Okay, beyond my knowledge. I believed, apparently wrongly, that ON could arrive at a binding dimmer channel and the binding decided if that meant 100% or restore-last-brightness (because that’s device dependent).
Until I dug into ESH’s code, it wasn’t obvious, either. I’m assuming that’s why the Zwave binding, for example, exposes a OnOffType-bound channel and a PercentType-bound channel for dimmers. ON sent to the latter goes to 100%, ON to the former is device-dependent. (Another weird, and undocumented, inconsistency – which I assume is because of this framework limitation)
Not arbitrary - there is a published table of what Item types accept what commands.
That’s precisely why it is arbitrary. The binding has no say on it – the Item accepts one, and only one, type. The framework as an arbitrary set of conversions its doing, which only sense with whatever usecase they were originally added for. The fact that you need two channels to control a Z-wave dimmer properly is because ON is going to convert to PercentType(100), and would make it impossible to do a “ON to last value”. And the user, without knowing ESH is doing that, wouldn’t know why.
The architecture, as implemented, in ESH is just plain bad because the framework is defining a limited set of conversions and as a binding author you can’t do a thing about it.

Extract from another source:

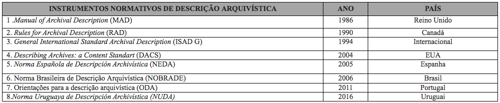 Além dos países elencados no Quadro 5, há outros que fazem o uso da ISAD(G) na descrição arquivística e, portanto, não desenvolveram seu próprio instrumento normativo de descrição arquivística. Dessa forma, os INDA específicos têm se desenvolvido de acordo com as necessidades de cada país em padronizar o procedimento de descrição a fim de adequar os elementos de descrição em seu sistema de arquivos.
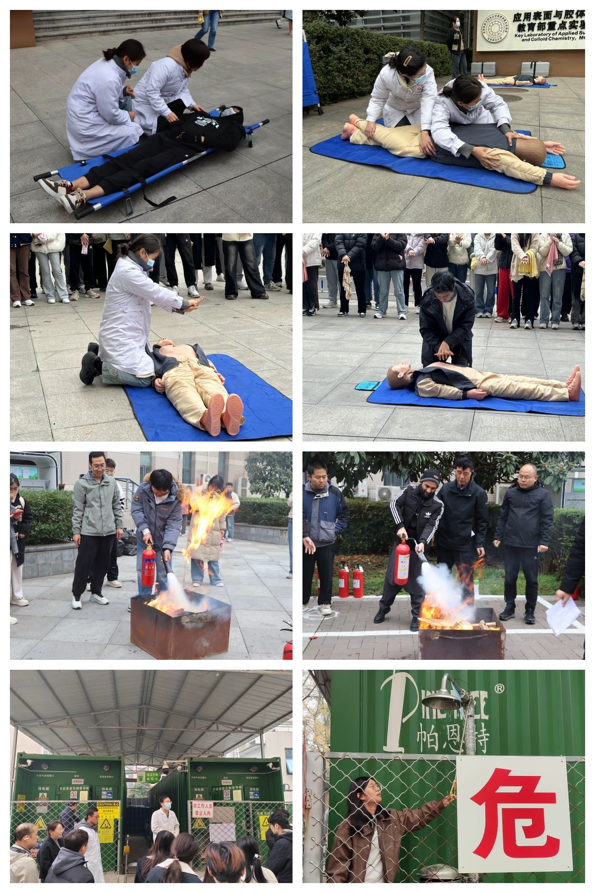 第二阶段为分组进行应急救助培训。第一组是2021级本科生、留学生、科研助理,第二组是2023级硕士和博士生,第三组是2024级硕士生和博士生。培训分为三项,一是灭火项目,包括灭火毯、灭火器演练;二是医学紧急救助,包括心肺复苏和医疗应急包使用;三是喷淋装置和洗眼器使用,三组参与人员逐一完成理论学习和实践操作。校医院医疗技术人员,学院副院长肖新军专门就心肺复苏这一关键急救技术,按照“判断患者反应、纠正患者体位、判断脉搏、胸外按压、开放气道、人工呼吸”6个步骤向师生进行了现场示范;实验中心相关老师向师生演示了灭火器、灭火毯等消防器材的使用方法和注意事项;各楼层负责老师指导并监督喷淋和洗眼器装置的使用。国际交流处全体人员参加了灭火毯、灭火器演练的灭火项目。

Even ignoring the appropriateness of logging a warning when you get it wrong, or the appropriateness of having as() on the enum-derived types universally support String as an output, the real problem is that the ESH binding framework can’t expose a channel as multiple types, so binding authors can’t overload the operations in a binding-appropriate way, and they’re stuck with the fallout of the conversions the framework is doing. (I haven’t looked, but presumably the bindings that do RGB lights need a separate channel to turn on to a preset or previous color, given that OnOffType converts to WHITE – another point of potential confusion to rule authors.)
While this is way out of scope for an OH discussion, IMO the system should deprecate the as() method, and extend the type metadata to support a “item-type-supports” property.
For example, this is the channel definition for the one above:
<channel-type id="fujitsu-power">
<item-type>String</item-type>
<label>Power Mode</label>
<state>
<options>
<option value="OFF">Off</option>
<option value="ON">On</option>
<option value="ECONOMY">Economy</option>
<option value="MINHEAT">Mininum Heat</option>
<option value="POWERFUL">Powerful</option>
</options>
</state>
</channel-type>
(Note, I probably could’ve done this as an enum as well, but the way to do that isn’t documented, and until I looked at how the built-in types were implemented, it wasn’t clear you could do that)
Now, ideally, I could do something like:
<channel-type id="fujitsu-power">
<item-type>String</item-type>
<item-type-supports>OnOffType,DecimalType</item-type-supports>
<label>Power Mode</label>
<state>
<options>
<option value="OFF">Off</option>
<option value="ON">On</option>
<option value="ECONOMY">Economy</option>
<option value="MINHEAT">Mininum Heat</option>
<option value="POWERFUL">Powerful</option>
</options>
</state>
</channel-type>
And then have the system send me any commands of those types – then I can do domain-specific conversions. The handleCommand() method takes a Command, anyway, so you can send any type you want into it. Its just a framework limitation that keeps channels 1:1 bound to a type.
Anyway, its an aside, but that’s how I think it should work. I don’t know if it ended up the way it is because of developmental inertia or an explicit decision, but its a weird and inconsistent spot its ended up.